With the development of the Dubai International Financial Centre (DIFC), which is the latest free-trade zone to be set up there, flexible and unrestricted offshore banking has become big business. Many of the world’s largest banks already have significant presence in Dubai – big names such as Abbey National Offshore, HSBC Offshore, ABN Amro, ANZ Grindlays, Banque Paribas, Banque de Caire, Barclays, Dresdner, and Merrill Lynch, all have offices in the Emirate already.


In addition to Dubai, most of the offshore banks are located in former British colonies, and all of them are involved in money laundering. In other words, the legitimization of cash generated from drug sales and other smuggled illegitimate goods into the “respectable banks” is the modus operandi of these offshore banks. The drugs that Dawood’s mules carry are providing a necessary service for the global financial system, as well as for the terrorists who are killing innocents all over the world.

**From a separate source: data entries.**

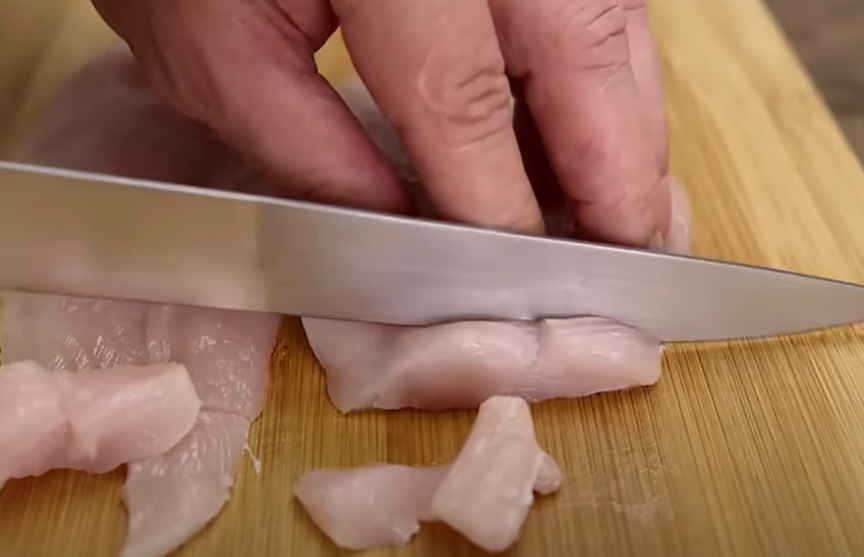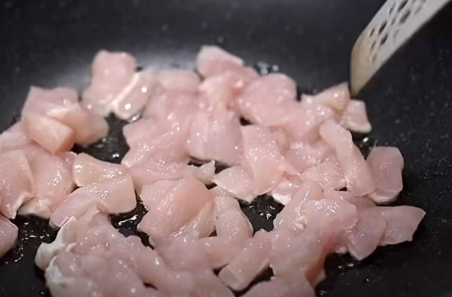 - Kuracie mäso nakrájame na menšie kúsky a na panvici začneme opekať na troche oleja.
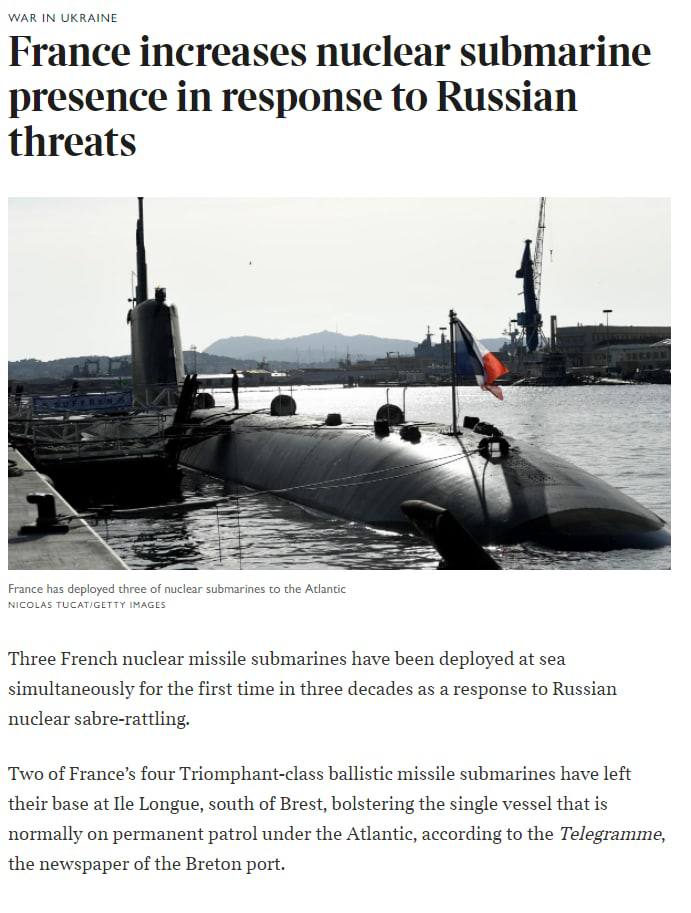 Во Франции увеличивают готовность своих ядерных сил в ответ на угрозы со стороны России. Об этом пишет The Times.
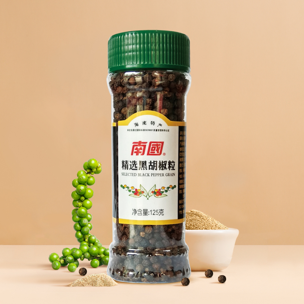 精选海南正宗特级黑胡椒粒,颗颗饱满,原始色泽,O添加,辛香四溢,中西菜肴烹饪,随心搭配,增香提鲜。
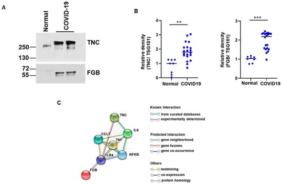 2.2. Exosomes from Plasma of COVID-19 Patients Harbor Tenascin-C and Fibrinogen-Β
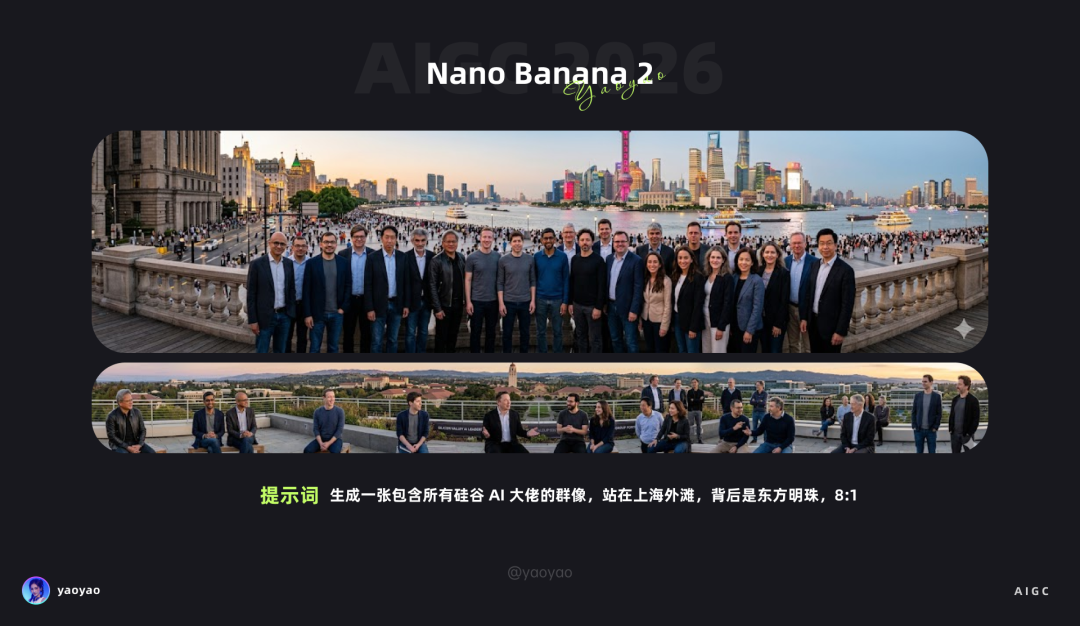 提示词:生成一张包含所有硅谷 AI 大佬的群像,站在上海外滩,背后是东方明珠,8:1
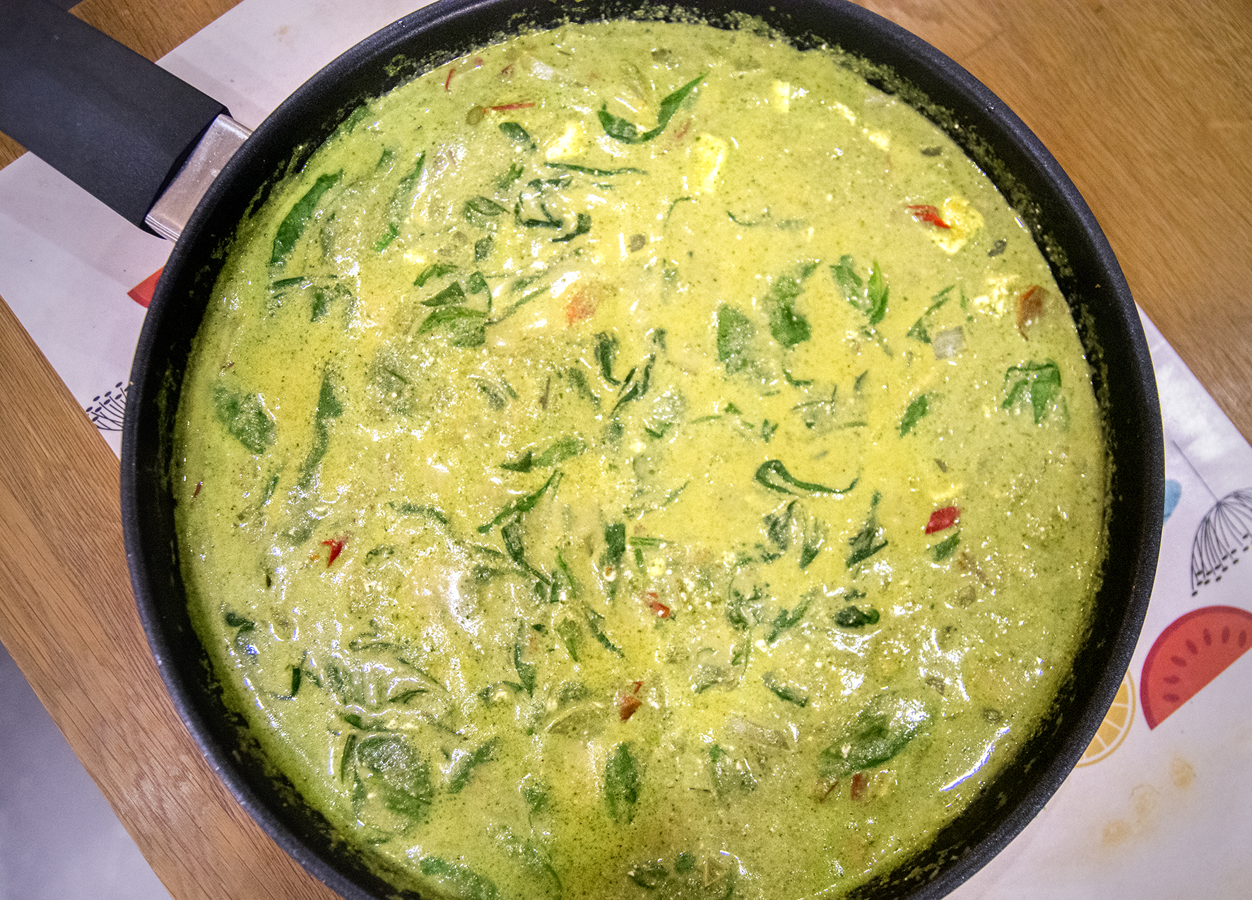 Mixa hälften av spenaten med en deciliter vatten. Tillsätt mixen och de resterande hela spenatblad i stekpannan. Pressa över saften av en lime och tillsätt kokosmjölken. Koka ihop i tre, fyra minuter. Smaka av med salt och mer lime om det behövs.
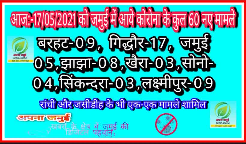 आज जमुई में आये कोरोना में कुल 60 नए मामले
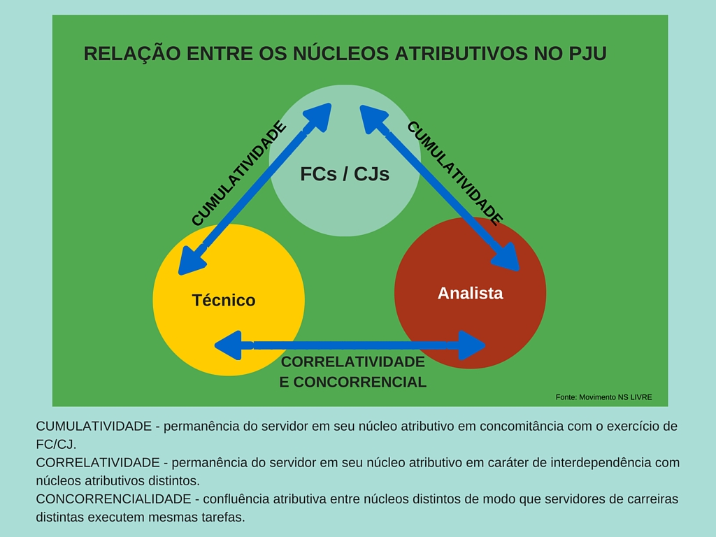 44. Cada cargo público, seja de técnico ou analista, bem como FC ou CJ, tem seu núcleo de atividades bem definido pela legislação e regulamentos específicos. Outro erro bastante comum é afirmar que Técnico-PJU no exercício de FC ou CJ está em desvio de função. Quem exerce tais encargos acumula novas e diferentes atribuições, assumindo maiores responsabilidades, executando atividades de complexidade diversa e, por isso, faz jus à compensação financeira.
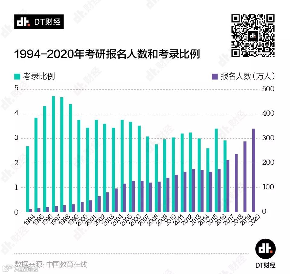 在考研这场大战中,有人一战上岸,学术生涯再延长两三年;有人初入职场坎坎坷坷,边上班边复习,想通过考研寻求职业生涯的转机;有人读完三年研究生后就业,发现本科同学成了上司。研究生学历能给职业生涯带来多大裨益?DT君曾经用数据详析过这个问题。2020年考研初试成绩陆续公布,今天,我们再为同学们来重温一下这段数据。
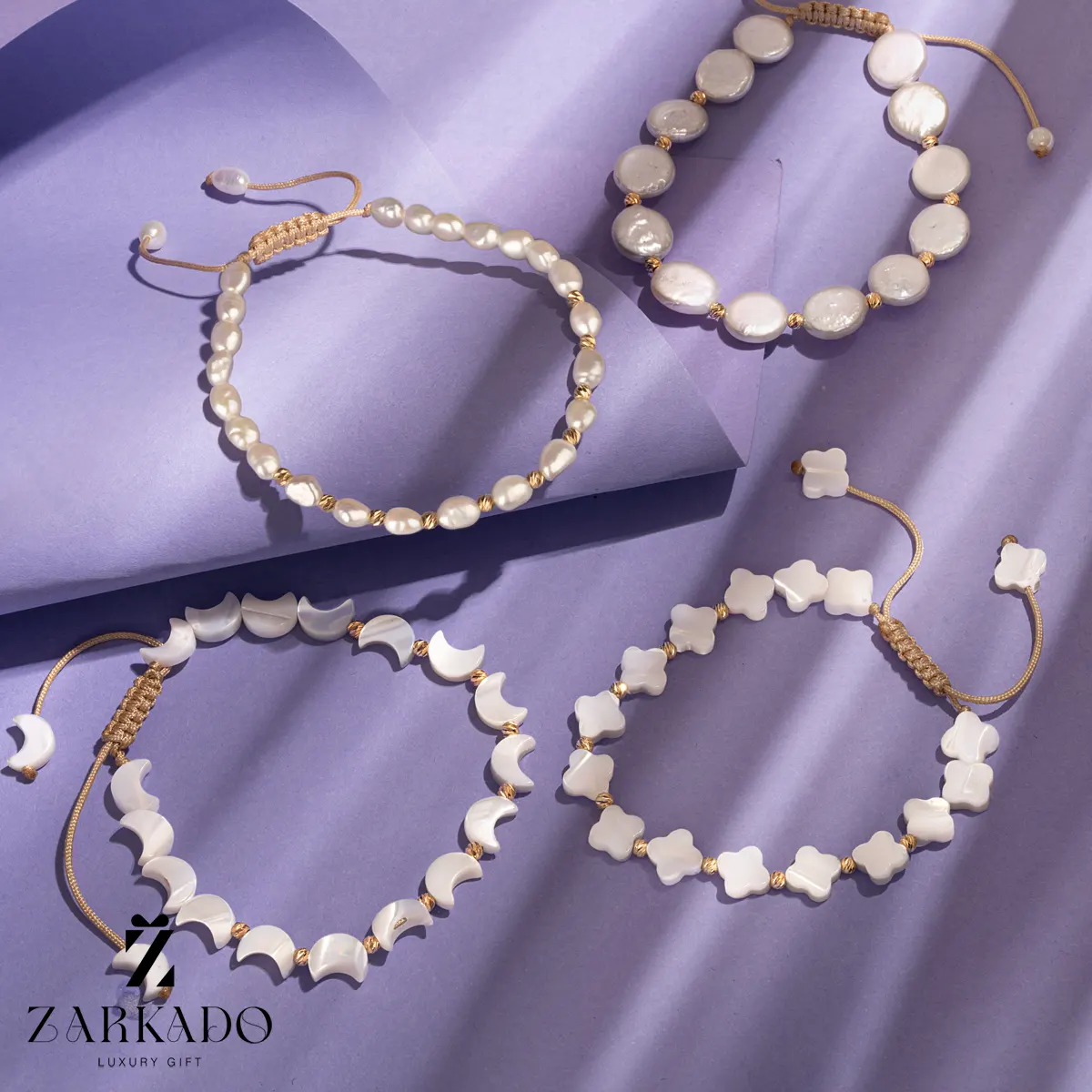 این دستبندهای دستساز از مرواریدهای باروک پرورشی ساخته شدهاند و با نخ ظریف کنار هم قرار گرفتهاند.

In December of 2007, this Britain-run drug-money-laundering and terrorist-networking operation was about to be exposed when Afghan President Hamid Karzai learned that two British MI6 agents were working under the cover of the United Nations and the European Union behind his back, to finance and negotiate with the Taliban. He expelled them from Afghanistan. One of them, a Briton, Michael Semple, was the acting head of the EU mission in Afghanistan and is widely known as a close confidant of Britain’s Ambassador, Sir Sherard Cowper-Coles. Semple now masquerades as an academic analyst of Afghanistan, and was associated with the Harvard Kennedy School’s Carr Center. The second man, an Irishman, Mervin Patterson, was the third-ranking UN official in Afghanistan at the time that he was summarily expelled.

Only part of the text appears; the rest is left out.